Typically people are confused when they first learn about the product of two matrices. The reason for this confusion is that the product of two matrices is not a well-defined idea. To understand why the product of two matrices has a complicated definition, we need to first understand that there is not just one product of matrices. There are many. We are going to be concerned with three different kinds of products. Two of those we will discuss later, but the dot product is of particular importance to us. From now on, if we talk about multiplying two matrices, assume that we mean using the dot product because it is going to be our default.

The dot product is not what you would initially think of as a product for matrices, but it is a generalization of an idea we have already studied, the inner product of two vectors. That means that we are going to be doing two operations when we multiply two matrices: multiplication and summation.

The other important background for our understanding is knowing about the following linear equation: \[ \begin{aligned} y_{i} = \beta_{1} x_{i,1} + \beta_2 x_{i,2} + \dots + \beta_r x_{i,r} + e_{i} \end{aligned} \label{eq1}\tag{1} \] This linear equation is going to be the first kind of equation we are going to use for modeling data. We will study it exclusively in Chapter 3. It is of foundation importance to us because it is a simple way to relate data. In the equation, we are modeling some variable in the data, $y_i$, using some other variables, $x_{i,1},\dots,x_{i,r}$. We are relating those variable using a linear (additive) equation of the $\mathbf{X}$ variables and some unknown error $e$. We are doing this for each observation (individual) in the data: $i=1,\dots,n$. In vector notation, we could write this as: \[ y=\beta_1 x_1 + \dots + \beta_r x_r + e \] So how are we to write this if we are going to think about $\mathbf{X}$ as a $n\times r$ matrix and $\beta$ as an $r\times 1$ vector of the $\beta_j$s?
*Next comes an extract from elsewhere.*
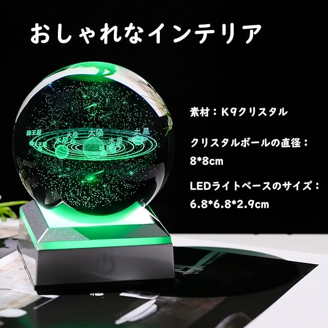 【ギフトラッピング済】パッケージに含まれるもの:3D クリスタルボール 太陽系x 1(8*8*8cm)、1x USBケーブルx 1、お祝いのカードx 1、美しいギフトボックスx 1、LEDライトベースx1(6.78x6.78x2.9cm) おしゃれなインテリアとして夫 、彼氏への記念日プレゼント、誕生日プレゼント、結婚式プレゼント、バレンタインデープレゼントなどにピッタリ!ユニークで貴重な贈り物として最適です。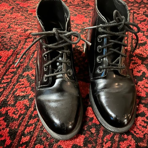 ingen innersåle (du må kjøpe en ny), har en liten ripe etter bruk (se bilder), men kan fortsatt brukes i noen år til)

The simple way is to write: \[ y=\mathbf{X}\beta + e \] This is going to be the equation for linear modeling, but to make this work, matrix multiplication must be defined correctly. Remember Eq. (1), so in each row, we need to copy the entire vector of $\beta$. That means that we are going to have $n$ copies of $\beta$ when we do our multiplication. The other important part is that we are going to need to sum the columns in order to create the desired result (because $y$ and $e$ are both $n\times 1$ vectors, so $\mathbf{X}\beta$ must be as well). That’s why matrix multiplication involves both products and sums is that we are trying to simply express the linear model that we know from Eq. (1).
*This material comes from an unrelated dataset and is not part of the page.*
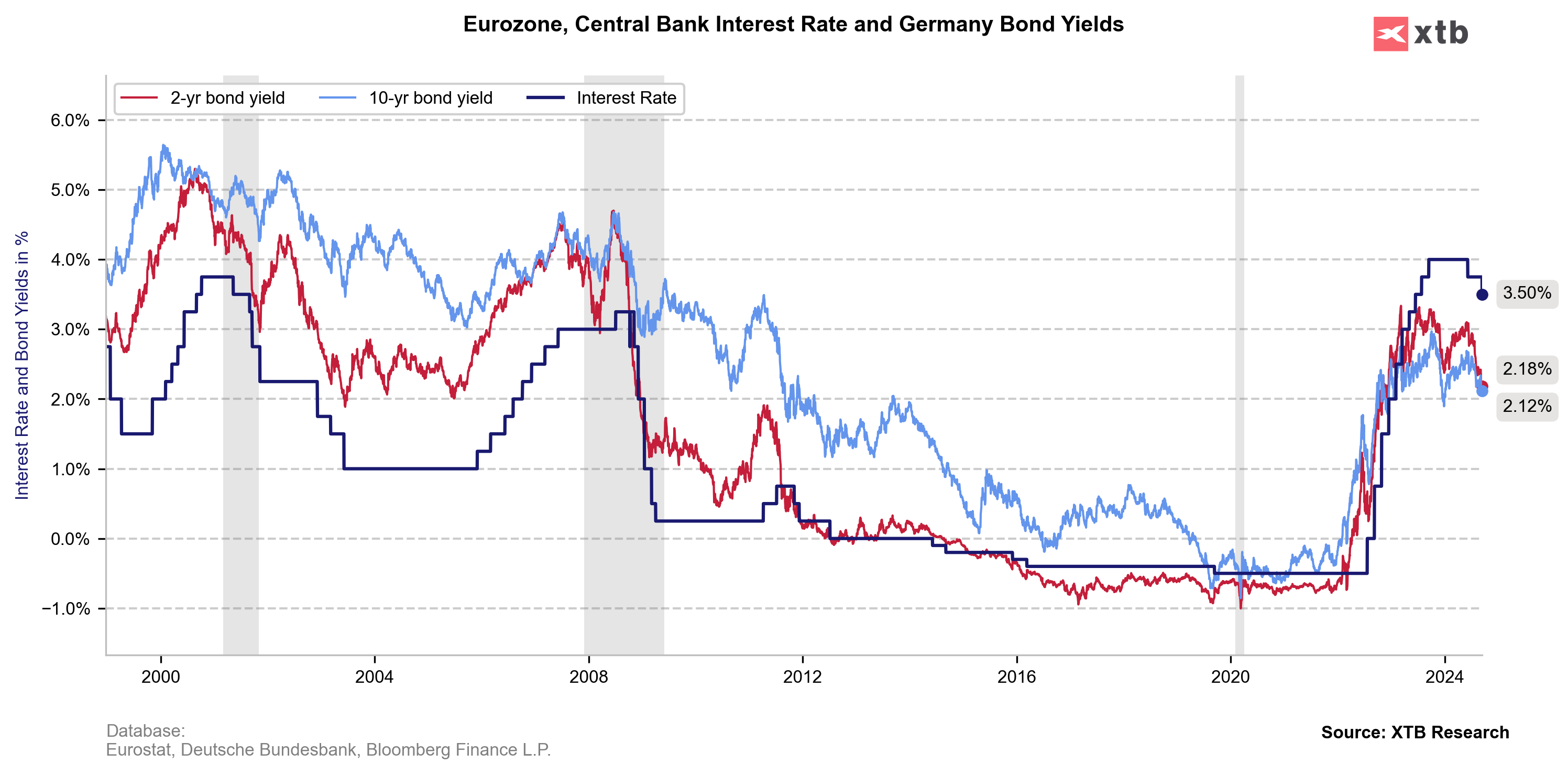 Rynek pieniężny po decyzji EBC obniżył swoje oczekiwania odnośnie kolejnych obniżek procentowych. Przed decyzją wyceniał 43 pb obniżki, a obecnie spodziewa się 36 pb.

To make this kind of multiplication work, the following is the definition of the matrix dot product: \[ \mathbf{XY} = \begin{bmatrix} \sum_{k=1}^m x_{i,k}y_{k,j}\end{bmatrix}_{i=1\dots n, j=1\dots r} \] We can see from this definition that $\mathbf{XY}$ is an $n\times r$ matrix. To make this, we can see that we sum $x_{i,k}$ from $i=1,\dots,n$ and $k=1,\dots,m$. This means that $\mathbf{X}$ must be $n\times m$. Similarly we sum $y_{k,j}$ from $k=1,\dots,m$ and $j=1,\dots,r$. That means that $\mathbf{Y}$ must be $m\times r$. Notice that the number of columns of $\mathbf{X}$ must be equal to the number of rows from $\mathbf{Y}$. This is what makes matrix multiplication confusing, but if you remember Eq. (1), this definition makes sense. \[ \mathbf{X}\beta = \begin{bmatrix} \sum_{k=1}^r x_{i,k}\beta_{k,j}\end{bmatrix}_{i=1\dots n, j=1} = \begin{bmatrix} \sum_{k=1}^r \beta_{k}x_{i,k}\end{bmatrix}_{i=1\dots n} \] Which is the exact column vector that we need for Eq. (1).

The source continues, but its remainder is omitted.